A bullet fired vertically upwards reaches a height of 500m. [g=9.8m/s2]. What is its initial velocity?
0=v0^2 +2(-9.8m/s^2)(500m)
0=u^2-19.6+1000
0=u+980.4
0-980.4=v0^2
V0^2=-980.4m/s
V^2 = Vo^2 + 2g*h.
V = 0, g = -9.8 m/s^2, h = 500 m.
Vo = ?.
@Nataizya, why did you add 1000
-->0=u^2-19.6+1000
instead of multiplying?
--->0=u^2-(19.6*1000)
To find the initial velocity of the bullet, we can use the kinematic equation for motion in the vertical direction:
vf^2 = vi^2 + 2aΔy
Where:
vf - final velocity (0 m/s when reaching maximum height)
vi - initial velocity (what we need to find)
a - acceleration due to gravity (9.8 m/s^2)

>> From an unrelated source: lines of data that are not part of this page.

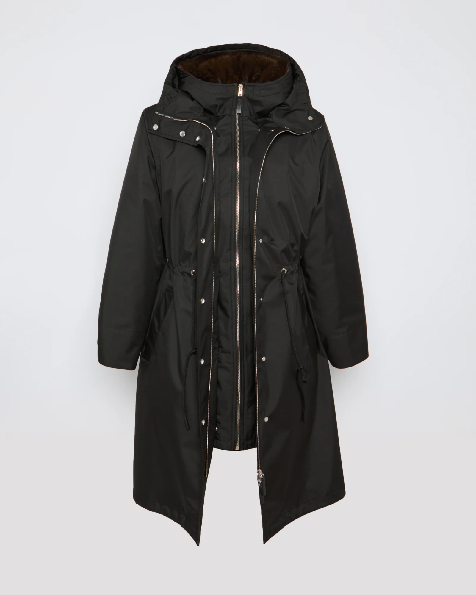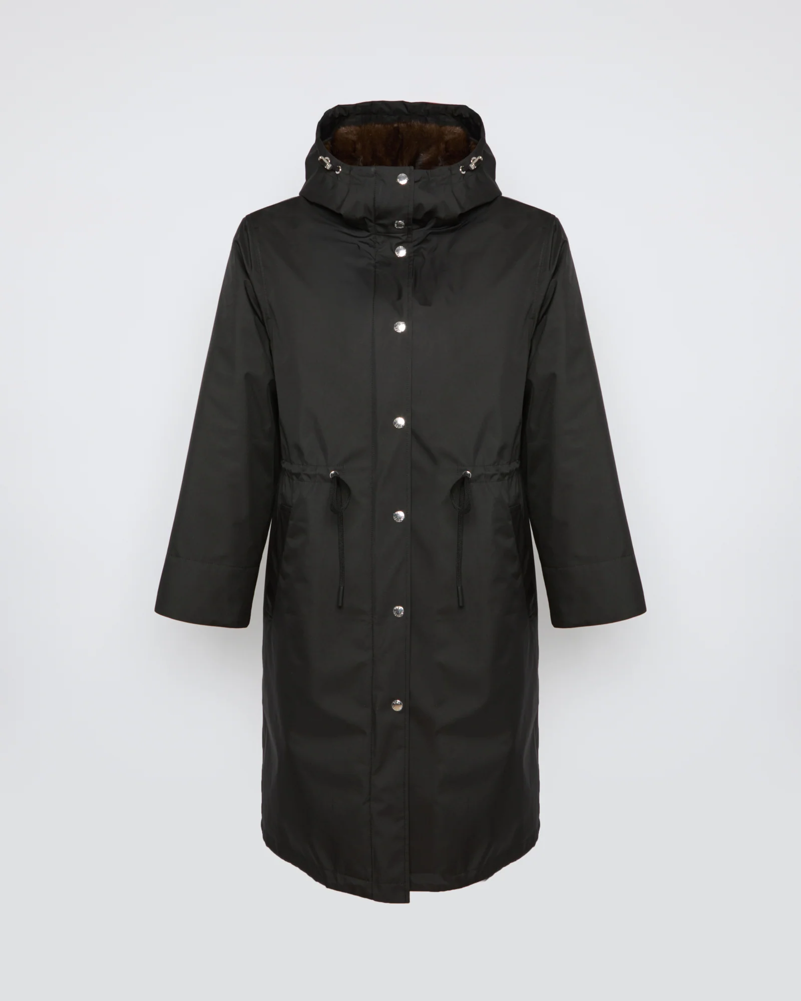 The pared-down lines of this long parka hide a number of intelligent details, combining elegance and functionality. A removable lining in mink fur offers protection and luxuriousness. The graphene membrane of the fabric allows increased resistance against wind and rain, while the high quality down provides extra warmth, guaranteed by inner wrist cuffs. A chic and versatile coat suited to all occasions and conditions.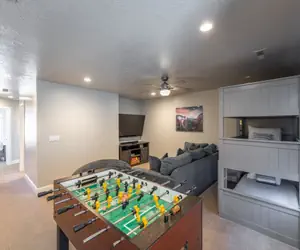 The spacious floor plan ensures quiet and private bedrooms, allowing you to relax and enjoy your stay. Whether unwinding in the contemporary-style bedrooms, taking in the scenic views from the partially covered upper deck balcony, or spending quality time with family and friends in the two family/recreation rooms, Desert Escape provides comfort and convenience. Don't miss the opportunity to witness breathtaking sunrises from the back patio overlooking the golf course.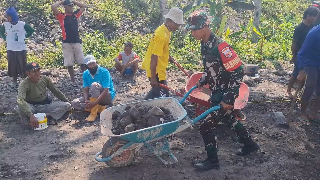 BerandaTNIBabinsa Kloposawit Bangun Kegotongroyongan Warga dalam Perbaikan Jalan Desa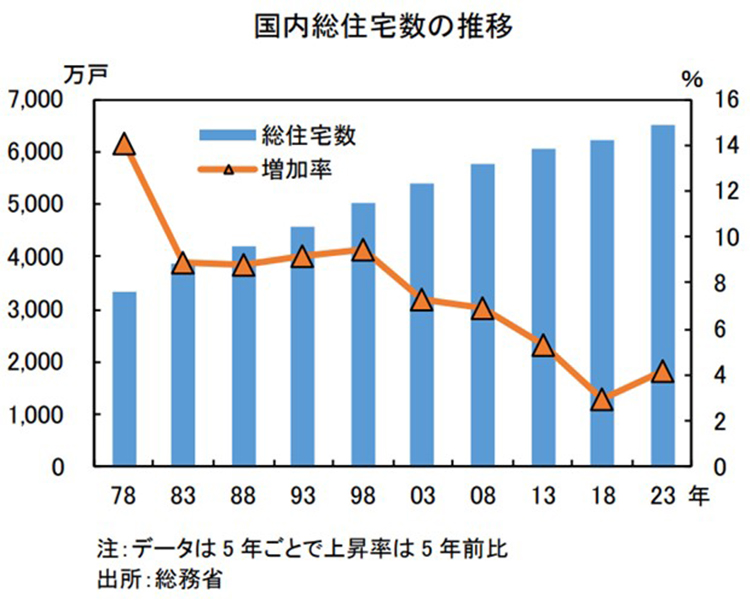 神様:総務省によると、2023年10月現在で日本の総住宅数は6502万戸です。これは2018年と比べて4.2%の増加であり、過去最多です。日本の住宅数は一貫して増え続けているのが現状です。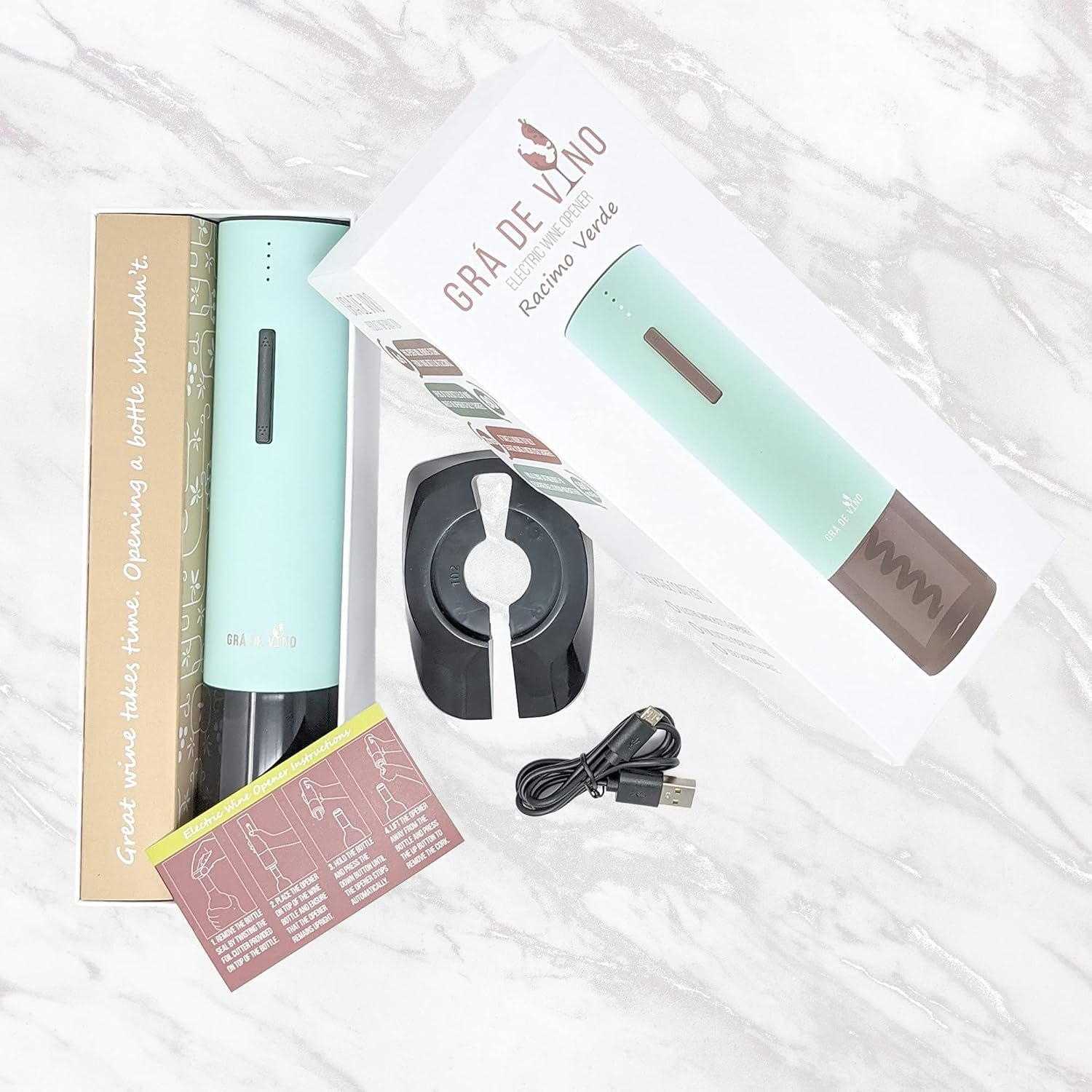 Be the first to review “Green Electric Wine Opener- Stainless Steel, Rechargeable, Automatic Corkscrew, Stand and Foil Cutter Included. Racimo Verde.”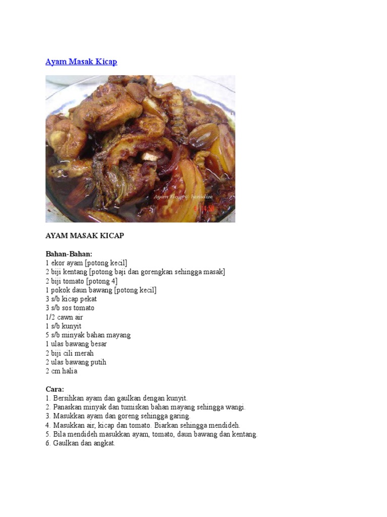 Resepi Ayam Masak Kicap Style Utara Mudah Dan Simple Ada Rahsia Untuk Kuah Yang Sedap Port Makan from 1.bp.blogspot.com Kamu si penyuka pedas bisa mencoba bikin resep ayam goreng kecap pedas. Nyalakan kompor dan masak ayam hingga empuk sampai air dari kuah ayam menyusut dan ayam berubah menjadi lebih empuk. Tumis bawang merah dan bawang putih yang cara masak ayam kecap santan: Ayam goreng sangat populer sehingga sering kali selalu menjadi bagian. Cuci bersih ayam lalu balur dengan air jeruk nipis. Cara masak ayam kecap santan: ½ ekor (500 g) ayam, dipotong 10 bagian bahan 2 : Goreng ayam sampai matang, tiriskan minyaknya.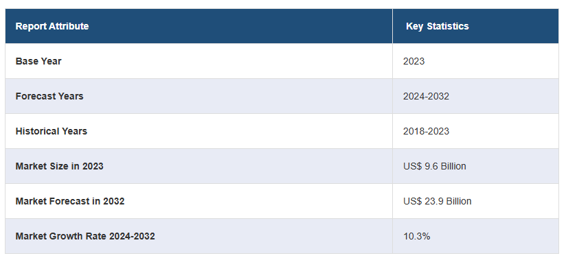 전 세계 농업 미생물 시장 규모는 2023년에 96억 달러에 달했습니다. 앞으로 IMARC 그룹은 2024~2032년 동안 10.3%의 성장률(CAGR)을 보이며 2032년까지 시장 규모가 239억 달러에 달할 것으로 예상하고 있습니다. 이 시장은 지속 가능한 농업 관행에 대한 소비자 및 규제 기관의 압력 증가, 인구 증가에 따른 농업 및 식량 생산량 향상에 대한 수요 증가, 농약 및 비료와 같은 화학물질 투입의 영향에 대한 인식 확대 및 엄격한 정책으로 인해 상당한 성장을 경험하고 있습니다.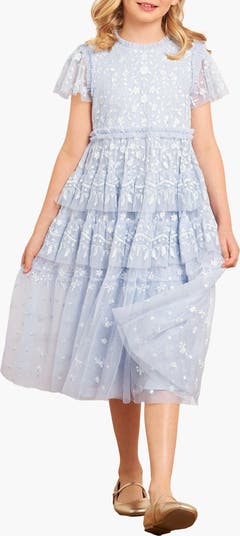 This enchanting dress combines vintage-inspired elegance with playful charm. Delicate, intricate embroidery, reminiscent of classic Victorian lace trims, adorns the bodice, while soft tiered frills bring a touch of whimsy and movement. Crafted to capture timeless beauty, this dress is the perfect addition to your little one’s wardrobe—ideal for special occasions and everyday magic.

Δy - change in position (500 m upwards)
Since the bullet reaches its maximum height and then falls back down, we know that its final velocity is zero (vf = 0 m/s). Plugging in the known values into the equation, we have:
0 = vi^2 + 2(9.8 m/s^2)(500 m)
Simplifying the equation:
0 = vi^2 + 9800 m^2/s^2
Rearranging the equation to solve for vi:
vi^2 = -9800 m^2/s^2
Taking the square root of both sides:
vi = √(-9800 m^2/s^2)
The square root of a negative value is imaginary, which means there is no real solution for the initial velocity of the bullet. Therefore, we cannot determine the initial velocity with just the given information.